------ DATA EXTRACTS

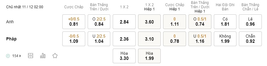 Soi kèo châu Á Anh vs Pháp: 0.81*0/0.5*1.09
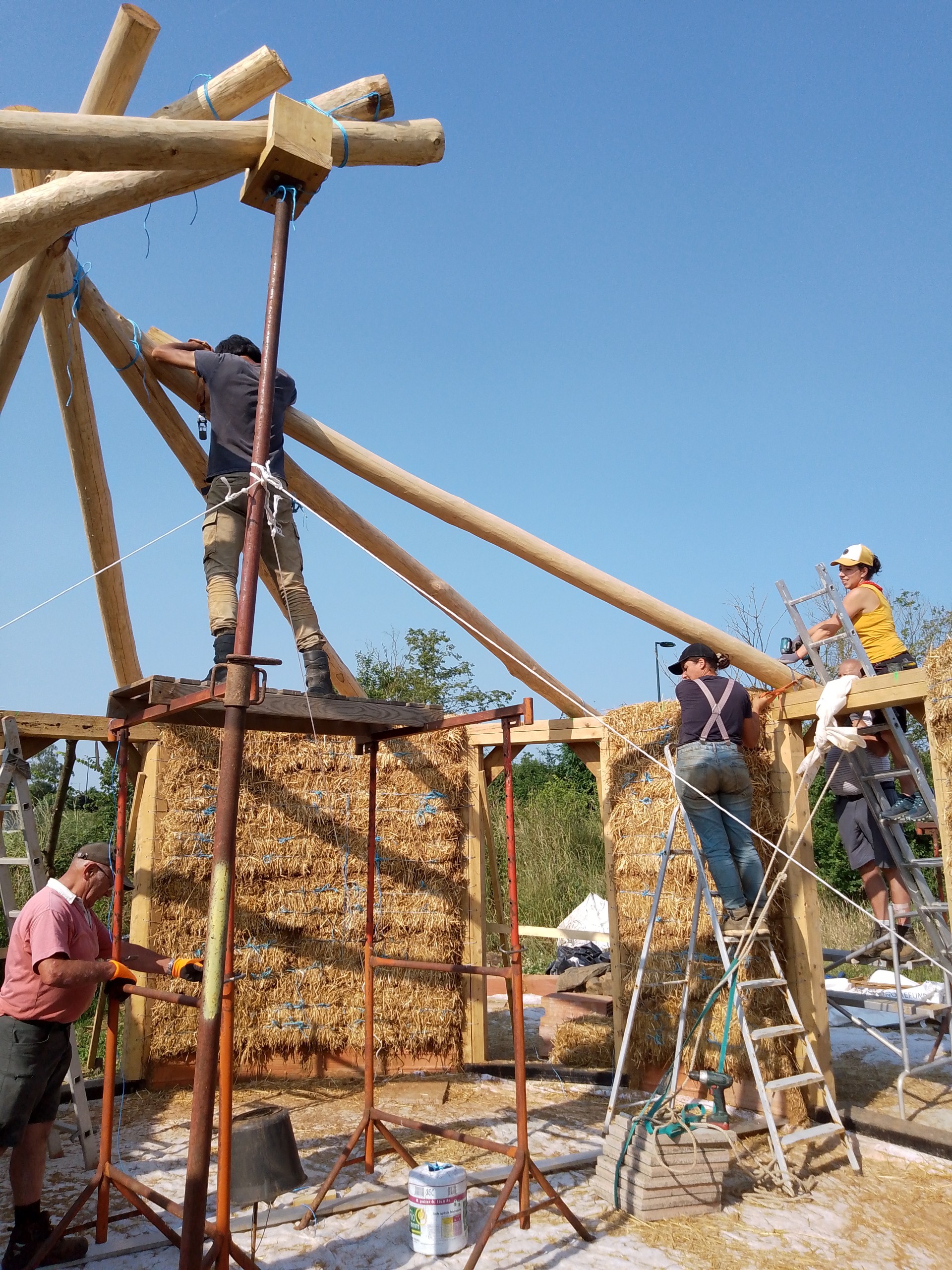 Je vous accueille dans ma paillourte en cours de construction à Antigny, en Vendée. Ce projet associe plusieurs techniques qui me tiennent à cœur : des murs en paille porteuse (sans ossature bois), une charpente réciproque, des enduits de terre crue, des fondations type hérisson ventilé et une toiture végétalisée.
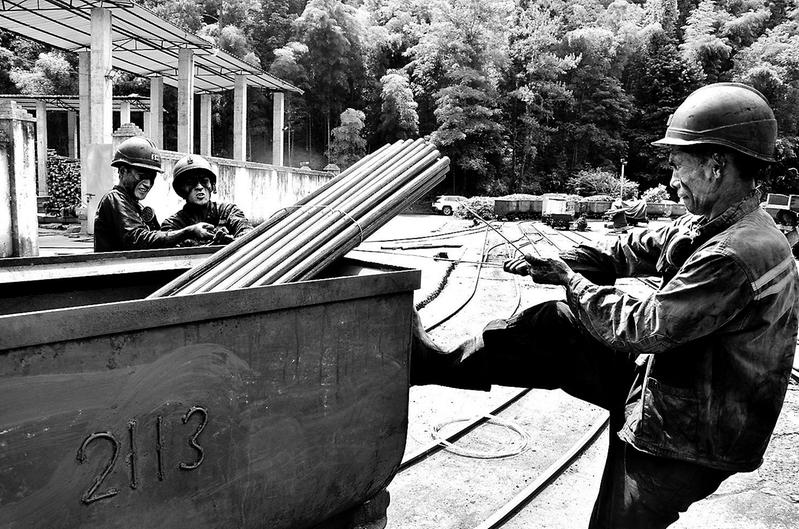 6月28日,永安煤業公司池坪蘆坑煤礦采掘隊職工在班后頂著烈日,在+720m工業廣場準備井下工作面背頂所需的小圓管。(陳思洲攝)
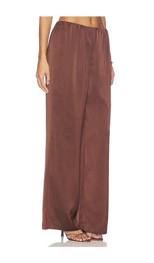 LOVERS AND FRIENDS ALETTE SATIN PANTS IN CHOCOLATE.
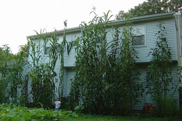 Daughter standing next to giant maize and giant amaranth plants
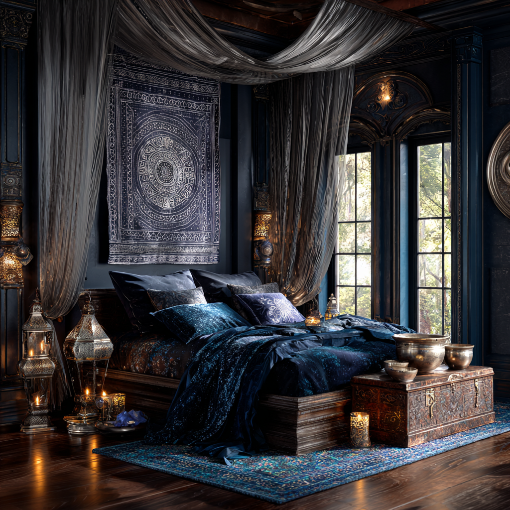 Together, these elements form a bedroom environment that feels protective, elegant, and energetically grounded.

------------

- **ABOUT THIS TASK**
Reproduce exactly the part of the records above that begins at the line holding "LOVERS AND FRIENDS" and ends at the final line, both included, leaving out the pictures.

- **ANSWER BOX**
 LOVERS AND FRIENDS ALETTE SATIN PANTS IN CHOCOLATE.
 Daughter standing next to giant maize and giant amaranth plants
 Together, these elements form a bedroom environment that feels protective, elegant, and energetically grounded.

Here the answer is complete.